Une utilisation efficace des ressources

Les membres de notre Comité sont d’avis que, pour optimiser cette capacité nationale, le gouvernement doit faire un usage intelligent et réfléchi de toutes les ressources qui sont à sa disposition. Cela suppose une utilisation prudente de notre voisinage avec la force militaire de la seule superpuissance mondiale encore existante - un pays avec lequel nous partageons un continent, mais aussi des ennemis communs.

Le lieutenant-général George Macdonald, vice-chef d’état-major des Forces canadiennes, a déclaré au Comité que le Canada et les États-Unis devaient au moins envisager d’étendre aux opérations maritimes et terrestres la coopération qu’ils entretiennent dans le domaine de la défense aérienne au sein du NORAD.

Dans un témoignage subséquent, le lgén Macdonald et Jill Sinclair, sous-ministre adjointe par intérim responsable de la sécurité et des politiques au ministère des Affaires étrangères et du Commerce international, ont affirmé que le gouvernement fédéral ne prévoyait aucun mécanisme comparable à NORAD pour les opérations maritimes ou terrestres. De fait, Mme Sinclair a déclaré au Comité que le gouvernement n’envisageait rien de plus que des mesures de planification et de coordination à cet égard et qu’il pourrait n’apporter aucune amélioration. Les ministères concernés, a-t-elle dit, envisagent au plus des " mesures modestes et pratiques qui pourraient être - ou ne pas être - nécessaires à l’amélioration des capacités existantes ".

Le Comité estime qu’une coordination plus serrée des moyens des deux pays s’impose. En tout cas, nous récusons tout à fait l’idée qu’une coordination continentale plus poussée de la surveillance des côtes et/ou de l’utilisation des troupes au sol pourrait " ne pas être " nécessaire. Ce resserrement est indispensable, et nos recommandations vont dans ce sens.
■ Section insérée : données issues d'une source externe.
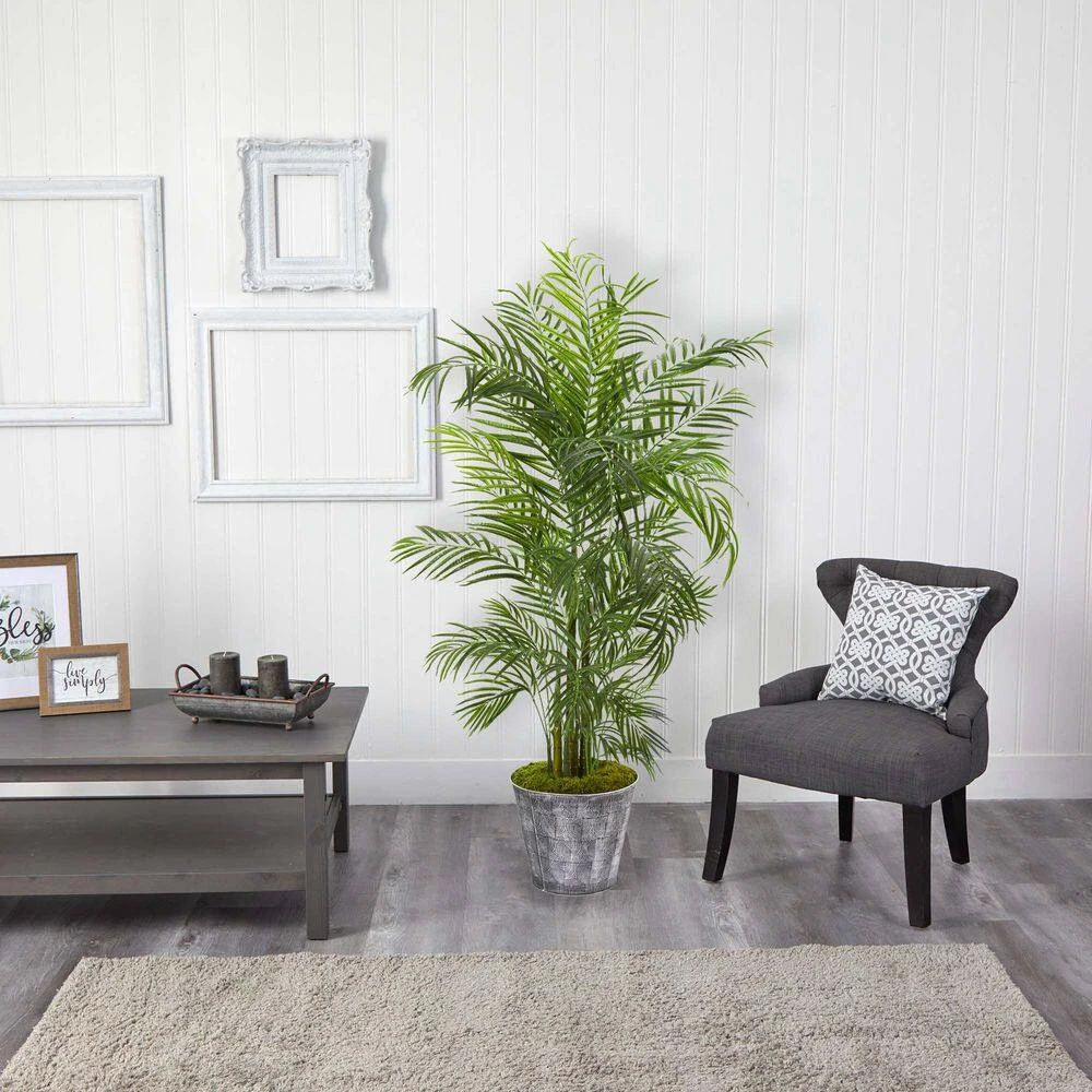 Use maintenance-free greenery to transform bare spaces (inside and out.) like with this artificial areca palm tree flaunting several tiers of realistic, UV Resistant greenery in bright green hues. Standing 63 in. H from a decorative planter, this silk tree can help create a relaxing atmosphere wherever displayed. About Nearly Natural Inc. for over 75-years, Nearly Natural Inc. has been providing conscientious consumers with beautiful alternatives to natural decorations. Employed and advised by naturalists who understand the live plant world, Nearly Natural is able to recreate the most realistic-looking decorative items for homes, offices, and businesses. Driven by a true commitment to customer service, attention to detail, and natural philosophy, Nearly Natural strives to bring customers the most beautiful, unique, and striking faux plants and floral on the market.

S’agissant d’une coopération plus large entre le Canada et les États-Unis pour la défense du continent nord-américain, les membres du Comité sont convaincus qu’un élargissement mesuré du partenariat militaire entre le Canada et les États-Unis serait de nature à améliorer le processus consultatif entre les deux pays. Il pourrait bien également réduire les probabilités que les États-Unis entreprennent une action militaire unilatérale pour défendre le continent nord-américain.